Rogue huddled under the bridge, her gloved hands pressed to her ears in a futile attempt to drown out the world that was crashing down around her. The sky was black, only illuminated by the flashes of lightning cracking across it every so often. She had never fared well in storms; they seemed to bring out the worst in her. She rest her head against her knees, praying for it to finish quickly, for the earth to stop trembling beneath her feet and the tears to stop streaming down her cheeks.

Every boom of thunder brought forth flashes of a life she wanted nothing more than to forget. No matter how far she ran or where she hid, that sound always found her, haunted her like a ghostly echo of her past sins. She could feel it in her bones, even when she managed to drown out the sound the vibrations rang through her clear as day.

A part of her thought it was the universes way of ensuring she never forgot, an inescapable nightmare that could find her wherever she went. She wondered if anyone would notice if the storm brought the bridge crashing down onto her, or if anyone would care for that matter.
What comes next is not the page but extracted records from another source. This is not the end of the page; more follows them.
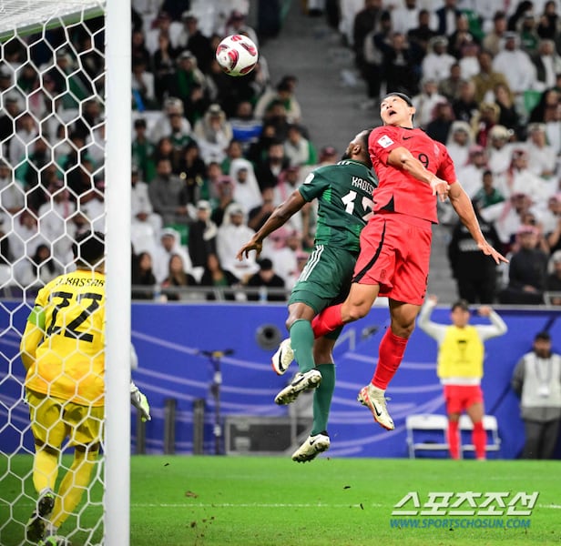 30일(현지시간) 카타르 알라이얀 에듀케이션 시티 스타디움에서 열린 2023 아시아축구연맹(AFC) 카타르 아시안컵 16강전 사우디아라비아와 대한민국의 경기. 조규성이 종료 직전 헤더로 골망을 흔들고 있다. 알라이얀(카타르)=박재만 기자 pjm@sportschosun.com/2023.01.30/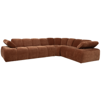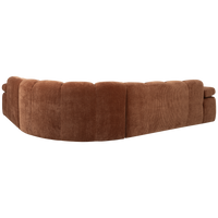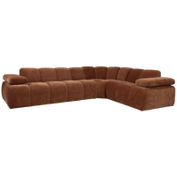 Stilinga ir funkcionali Mojo kampinė sofa su reguliuojamais porankiais. Rust Brown gofruotas audinys suteikia prabangos, o platūs matmenys garantuoja erdvę ir komfortą.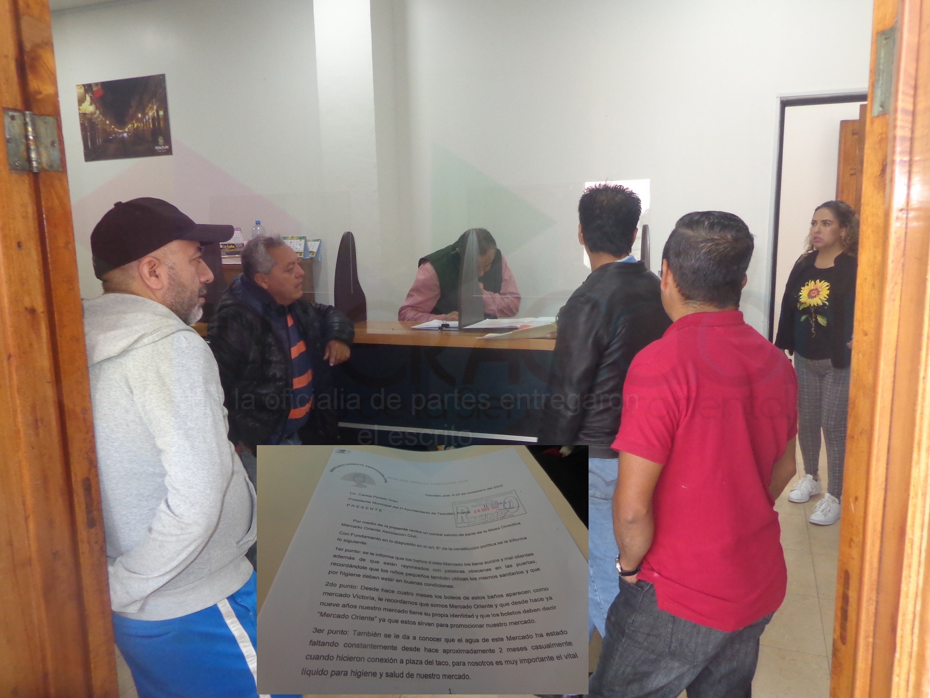 Teziutlán. – Un escrito basado en el ejercicio del derecho de petición de acuerdo con el artículo octavo de la Constitución, entregaron integrantes de la mesa directiva del mercado Oriente en tres puntos específicos, por ello piden una solución de inmediata, ya que han hecho solicitudes de manera verbal con nula respuesta, versadas en que los sanitarios lucen insalubres y mal olientes, el boletaje de los mismos refiere que son mercado Victoria desde hace cuatro meses, y el inmueble tiene su propia identidad, y desde hace dos meses les falta el agua lo que coincide con las obras de la plaza del venado, antes plaza del taco, y es de vital necesidad para una mayor higiene.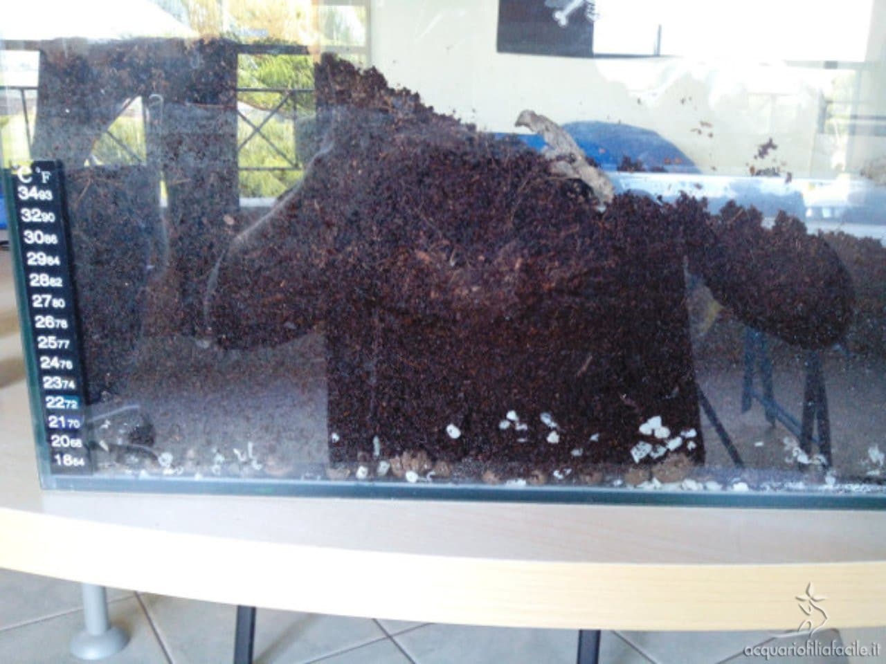 La seconda – da me preferita – è quella di allestire un ambiente totalmente terrestre, posizionando circa 6-7 cm di terriccio biologico o fibra di cocco all’interno della vasca e allestendo molte tane.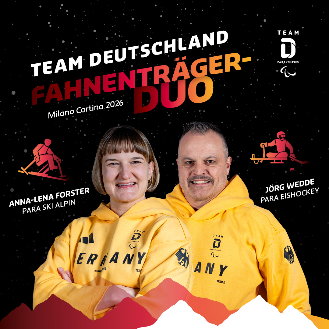 Monoskifahrerin Anna-Lena Forster und Para Eishockey-Ikone sind die Fahnenträger des Team Deutschland Paralympics bei den Winterspielen in Mailand und Cortina 2026. Während Forster bereits zum zweiten Mal die ehrenvolle Aufgabe zuteil wird, darf Wedde beim Comeback nach 20 Jahren die deutsche Fahne schwenken. Das verkündete der Deutsche Behindertensportverband (DBS) bei der Auftakt-Pressekonferenz im Deutschen Haus in Cortina.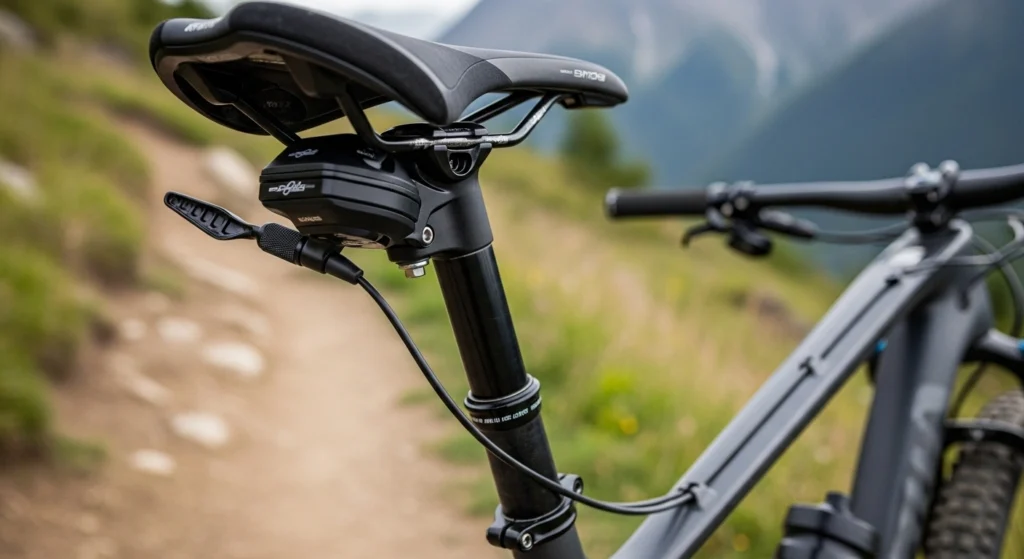 Picture sitting in your desk chair, changing its height without standing up – that smooth shift is what a dropper post brings to mountain bikes. Pressing a small lever on the handlebars raises or lowers the saddle right away. This lets you adapt quickly when the trail changes shape beneath you.

A car drove slowly by, desperately trying to remain on the road despite the storms other intentions. Through the rain streaked car window she could see a small girl staring back at her. Their gazes met and the girl smiled and waved, her clear blue eyes filled with childhood innocence and unconditional acceptance. She tore her gaze away and slammed her eyes shut, not wanting to see her tainted self mirrored back at her through someone so innocent.

Then she heard it. The sound was blood curdling, the screech of metal scraping across pavement. She looked up to see the little girls car flipped on its side and a group of people surrounding it. Rogue jumped to her feet, the storm still raging around her suddenly seeming unimportant.

The people made no move to help the girl or her family; they crowded around the demolished car and began to rock it. Obscenities filled the night air, drowning out the storm and making her wish, for once, that the thunder would grow louder. The crowd pushed and yelled as the family desperately tried to protect their crying daughter from the mob.

"You're not welcome here mutant!"

"Go die!"

"Why don't you fight back you freak!?"

Flashes of her old life began flooding her mind, the people she had put in comas or worse, her home at the institute, the hoards of people who would brutally and senselessly attack her family just because they were different. Rogue met the girl's eyes, red and glossy from tears, and felt her own body tense with rage.

"Why don't yah pick on someone yur own size?" she cut through the noise of the crowd like a knife, watching as their eyes one by one turned to fall on her.

"This doesn't concern you." A man huffed gruffly at her. "We're just taking care of a littleā€¦ problem."

"Actually it does." She threw back at him, narrowing her eyes into a piercing glare that made him flinch. "If she's a li'l problem then I'm the biggest problem you'll ever have."

She removed a glove from one of her hands and shoved it into the pocket of her jacket. The man eyed her cautiously as she approached him, then cried out as she wrapped her bare hand around his exposed throat. The rest of the crowd watched in horror as the man convulsed at her touch then collapsed unmoving onto the cold wet pavement.